Intro
前端上传切片优化以及实现,主要涉及到:大文件分片上传(chunk upload)、并发控制、断点续传、重试机制等
场景与痛点
- 大文件上传(如 >100MB):直接上传会超时或失败
- 网络不稳定:中断后需重传
- 上传速度慢:需要并发分片上传
- 服务端压力大:需要合理控制并发与分片大小
实现流程
1. 文件切片
File、Blob 对象有 .slice() 方法,可以将文件分割为固定大小的分片(比如:2MB/5MB)
const CHUNK_SIZE = 5 * 1024 * 1024 // 5MB
const createFileChunks = (file: File, chunkSize = CHUNK_SIZE) => {
const chunks: Blob[] = []
let cur = 0
while (cur < file.size) {
chunks.push(file.slice(cur, cur + chunkSize))
cur += chunkSize
}
return chunks
}2. 生成唯一 hash 标识
借助 JS 库 ⚡ spark-md5 —— 一个 浏览器端计算 MD5 的库
- 能够对
大文件做增量 MD5 计算 - 不需要一次性把整个文件读入内存
- 它提供两个重要方法:
append(arrayBuffer):给MD5计算器追加一段数据end():结束并返回MD5字符串
import SparkMD5 from 'spark-md5'
const generateFileHash = async (chunks: Blob[]) => {
const spark = new SparkMD5.ArrayBuffer()
for (const chunk of chunks) {
const buffer = await chunk.arrayBuffer()
/** 每一个分片的 buffer 增量追加 */
spark.append(buffer)
}
return spark.end()
}3. 上传分片
每个分片通过 FormData 上传
const uploadChunks = async (
chunks: Blob[],
fileName: string,
fileHash: string,
) => {
const requests = chunks.map((chunk, idx) => {
const formData = new FormData()
formData.append('fileChunk', chunk)
formData.append('fileChunkIndex', idx)
formData.append('fileName', fileName)
formData.append('fileHash', fileHash)
return axios.post('/upload', formData, {
onUploadProgress: (e) => {
console.log(
`Upload progress: ${((e.loaded / e.total) * 100).toFixed(2)}%`,
)
},
})
})
await Promise.all(requests)
console.log('✓ All chunks uploaded successfully!')
}4. 合并文件
前端所有分片上传完成后,调用后端 /merge 接口,通知服务端进行文件合并
const mergeChunks = async (fileName, fileHash, totalChunks) => {
await axios.post('/merge', { fileName, fileHash, totalChunks })

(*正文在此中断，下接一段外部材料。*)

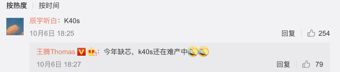 如上图所见,Redmi王腾在回复网友关于K40S的留言时表示「今年缺芯,K40S还在难产中」。

console.log('✓ File merged successfully!')
}流程总结
const handleFileUpload = async (file) => {
// 1. 文件分片
const chunks = createFileChunks(file)
// 2. 创建文件 hash
const fileHash = await generateFileHash(chunks)
// 3. 分片上传
await uploadChunks(chunks, file.name, fileHash)
// 4. 文件合并
await mergeChunks(file.name, fileHash, chunks.length)
}优化点
1. 并发控制
使用 Promise.all 进行并发上传,但需要限制最大并发数(比如 5),避免服务器压力过大
/**
* p-limit 是一个用于 JavaScript 和 Node.js 的并发控制库,
* 能够限制同时执行的异步任务数量;它通过创建一个任务队列来管理并发任务,
* 当达到设定的并发限制时,后续任务会被阻塞,直到有任务完成
*/
import pLimit from 'p-limit'
const uploadChunks = async (
chunks: Blob[],
fileName: string,
fileHash: string,
) => {
const limit = pLimit(5) // 限制5个并发
const requests = chunks.map((chunk, idx) =>
limit(() => {
const formData = new FormData()
formData.append('fileChunk', chunk)
formData.append('fileChunkIndex', idx)
formData.append('fileName', fileName)
formData.append('fileHash', fileHash)
return axios.post('/upload', formData, {
onUploadProgress: (e) => {
console.log(
`Upload progress: ${((e.loaded / e.total) * 100).toFixed(2)}%`,
)
},
})
}),
)
await Promise.all(requests)
console.log('✓ All chunks uploaded successfully!')
}2. 错误重试
针对失败的分片,进行最多 N 次的重试
code
import pLimit from 'p-limit'
const uploadChunkWithRetry = async (
chunk: Blob,
idx: number,
fileName: string,
fileHash: string,
maxRetries: number = 3,
): Promise<any> => {
let lastError: Error
for (let attempt = 0; attempt <= maxRetries; attempt++) {
try {
const formData = new FormData()
formData.append('fileChunk', chunk)
formData.append('fileChunkIndex', idx)
formData.append('fileName', fileName)
formData.append('fileHash', fileHash)
const response = await axios.post('/upload', formData, {
onUploadProgress: (e) => {
console.log(
`Chunk ${idx} (attempt ${attempt + 1}/${maxRetries + 1}) progress: ${(
(e.loaded / e.total)
* 100
).toFixed(2)}%`,
)
},
})
console.log(`✓ Chunk ${idx} uploaded successfully`)
return response
}
catch (error) {
lastError = error as Error
console.warn(
`✗ Chunk ${idx} upload failed (attempt ${attempt + 1}/${maxRetries + 1}):`,
error instanceof Error ? error.message : error,
)
if (attempt < maxRetries) {
// 指数退避延迟: 1s, 2s, 4s
const delay = Math.pow(2, attempt) * 1000
console.log(`⏳ Retrying in ${delay}ms...`)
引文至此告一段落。